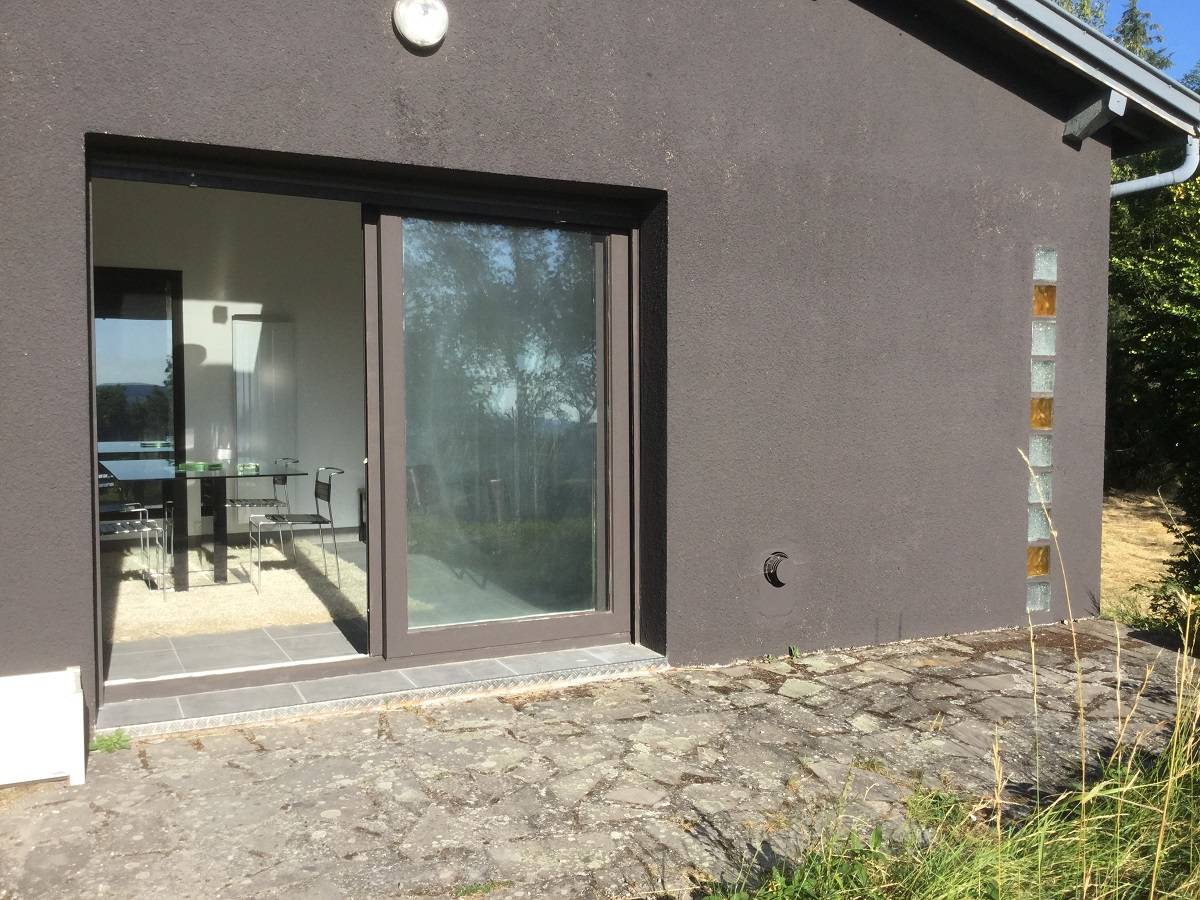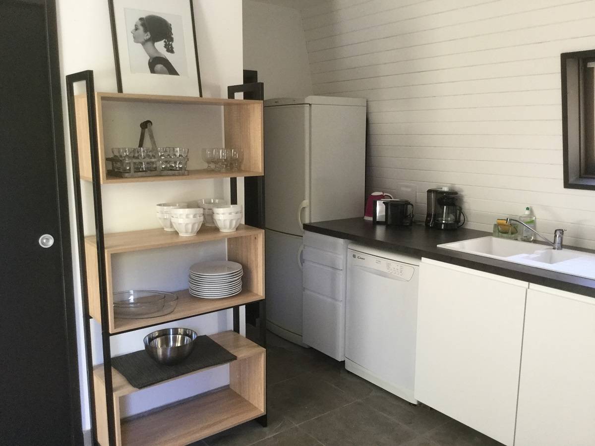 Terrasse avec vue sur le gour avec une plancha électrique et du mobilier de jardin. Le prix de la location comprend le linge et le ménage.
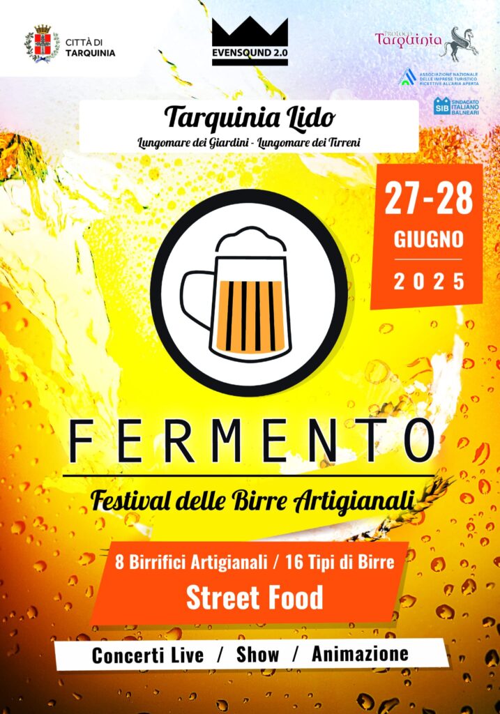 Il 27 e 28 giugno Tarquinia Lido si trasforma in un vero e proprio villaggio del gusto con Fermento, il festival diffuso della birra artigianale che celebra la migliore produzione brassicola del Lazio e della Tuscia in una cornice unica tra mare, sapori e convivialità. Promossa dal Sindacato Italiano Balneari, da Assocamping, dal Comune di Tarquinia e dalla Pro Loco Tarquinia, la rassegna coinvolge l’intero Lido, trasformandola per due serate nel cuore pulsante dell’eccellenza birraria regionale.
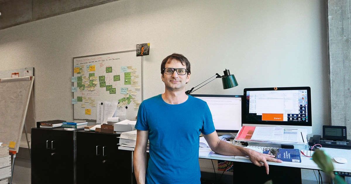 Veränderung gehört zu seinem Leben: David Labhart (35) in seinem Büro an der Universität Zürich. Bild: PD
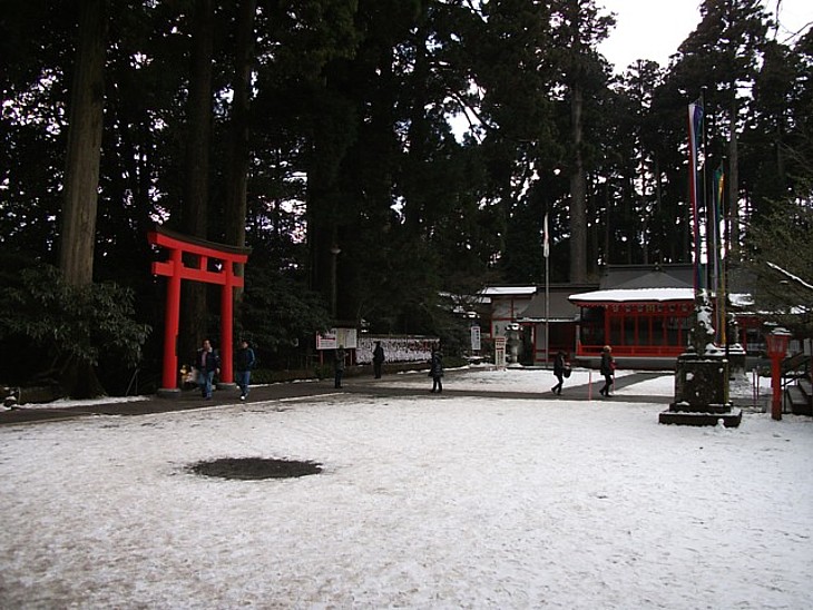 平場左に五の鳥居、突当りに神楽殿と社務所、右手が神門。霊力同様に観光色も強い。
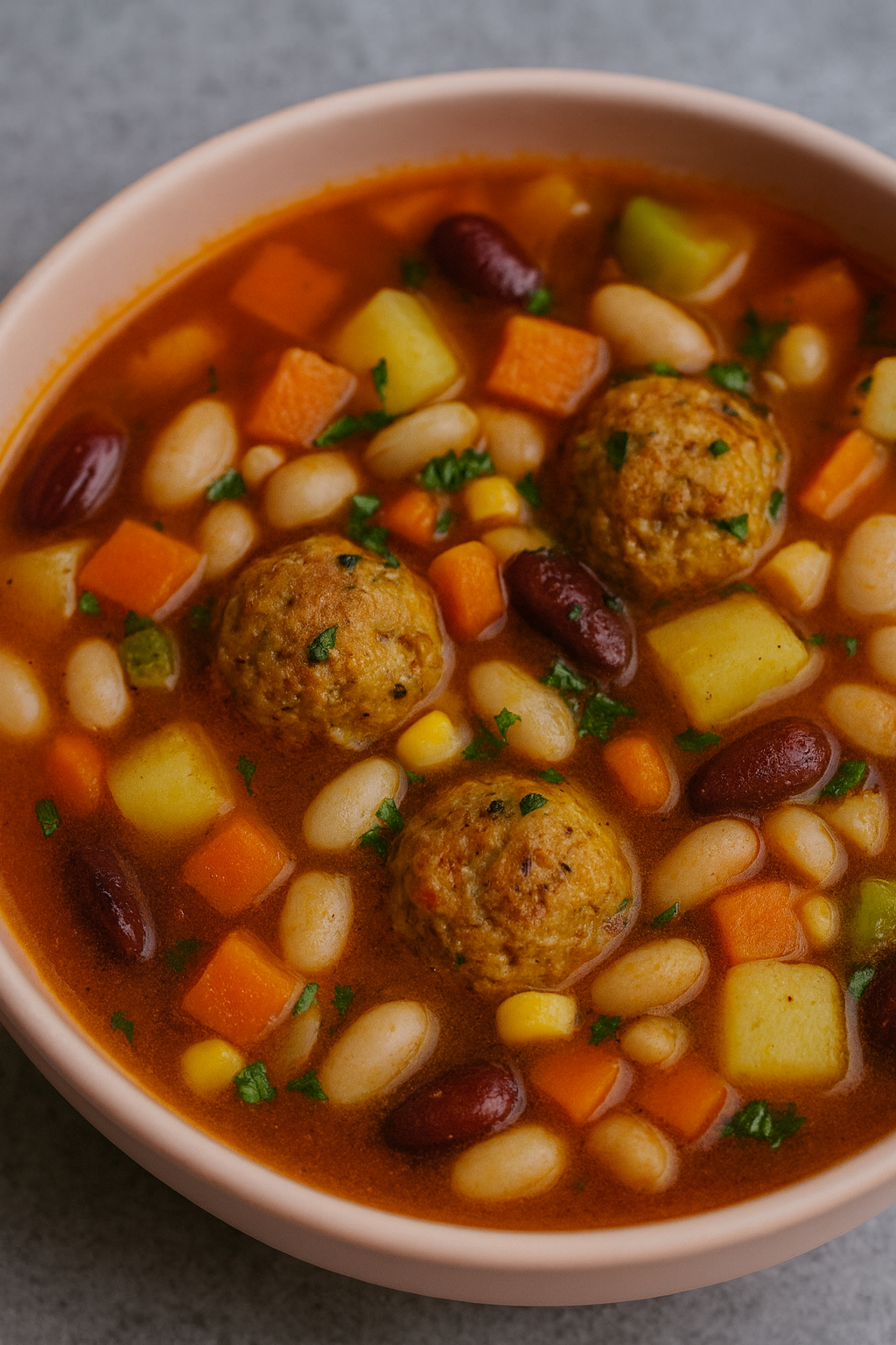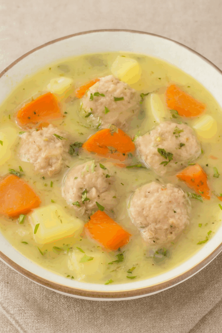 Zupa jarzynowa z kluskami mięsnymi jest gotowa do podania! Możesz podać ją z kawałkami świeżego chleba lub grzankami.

--

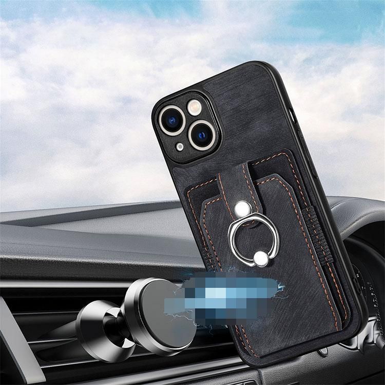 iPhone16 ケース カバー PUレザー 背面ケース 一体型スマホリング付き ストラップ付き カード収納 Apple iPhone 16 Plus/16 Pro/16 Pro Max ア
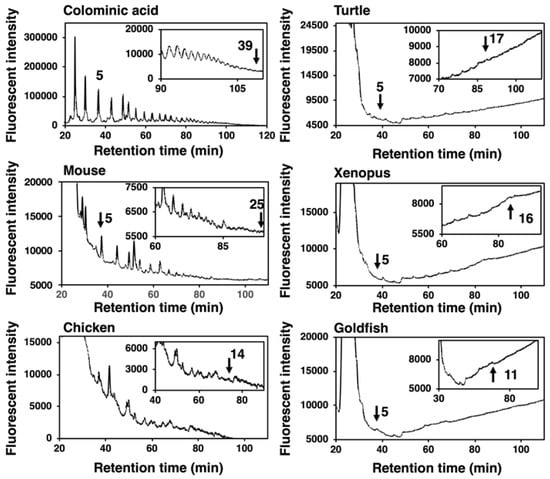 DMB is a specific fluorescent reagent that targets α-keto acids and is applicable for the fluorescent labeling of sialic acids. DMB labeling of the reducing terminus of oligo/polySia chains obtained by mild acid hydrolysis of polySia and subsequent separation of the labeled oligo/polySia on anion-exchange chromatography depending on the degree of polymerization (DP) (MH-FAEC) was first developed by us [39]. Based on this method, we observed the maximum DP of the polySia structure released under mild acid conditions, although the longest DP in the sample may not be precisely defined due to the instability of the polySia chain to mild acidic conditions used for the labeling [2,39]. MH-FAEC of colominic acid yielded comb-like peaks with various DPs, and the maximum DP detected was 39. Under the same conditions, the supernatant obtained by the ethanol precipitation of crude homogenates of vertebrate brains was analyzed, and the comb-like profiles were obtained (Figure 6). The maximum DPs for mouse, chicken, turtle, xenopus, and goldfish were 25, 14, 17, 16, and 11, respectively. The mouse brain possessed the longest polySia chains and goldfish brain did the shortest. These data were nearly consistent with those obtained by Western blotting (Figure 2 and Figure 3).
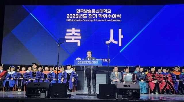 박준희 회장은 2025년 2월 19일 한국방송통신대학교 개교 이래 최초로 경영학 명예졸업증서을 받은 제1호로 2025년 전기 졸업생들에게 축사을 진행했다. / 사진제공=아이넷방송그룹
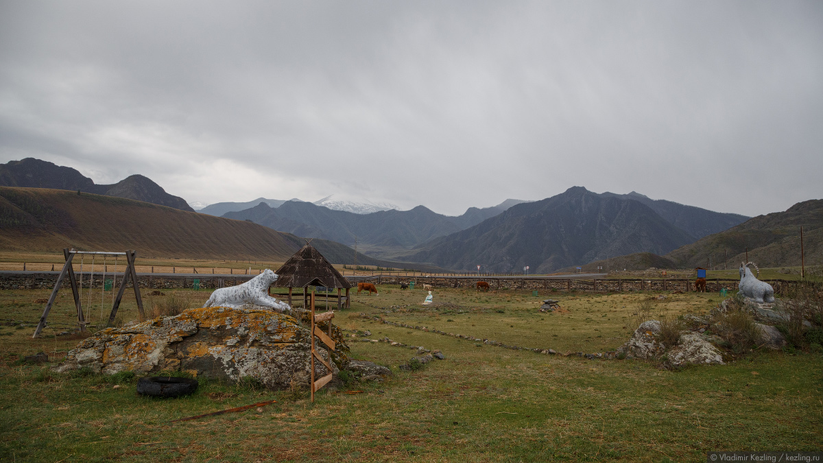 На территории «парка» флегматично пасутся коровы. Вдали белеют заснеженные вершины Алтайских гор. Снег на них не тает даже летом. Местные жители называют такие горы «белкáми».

Aim of the exercise. Only the lines above starting with the line with "Terrasse avec vue" and going on through the line with "Zupa jarzynowa z" belong in the answer; repeat them exactly, minus any picture.

Answer for the task.
 Terrasse avec vue sur le gour avec une plancha électrique et du mobilier de jardin. Le prix de la location comprend le linge et le ménage.
 Il 27 e 28 giugno Tarquinia Lido si trasforma in un vero e proprio villaggio del gusto con Fermento, il festival diffuso della birra artigianale che celebra la migliore produzione brassicola del Lazio e della Tuscia in una cornice unica tra mare, sapori e convivialità. Promossa dal Sindacato Italiano Balneari, da Assocamping, dal Comune di Tarquinia e dalla Pro Loco Tarquinia, la rassegna coinvolge l’intero Lido, trasformandola per due serate nel cuore pulsante dell’eccellenza birraria regionale.
 Veränderung gehört zu seinem Leben: David Labhart (35) in seinem Büro an der Universität Zürich. Bild: PD
 平場左に五の鳥居、突当りに神楽殿と社務所、右手が神門。霊力同様に観光色も強い。
 Zupa jarzynowa z kluskami mięsnymi jest gotowa do podania! Możesz podać ją z kawałkami świeżego chleba lub grzankami.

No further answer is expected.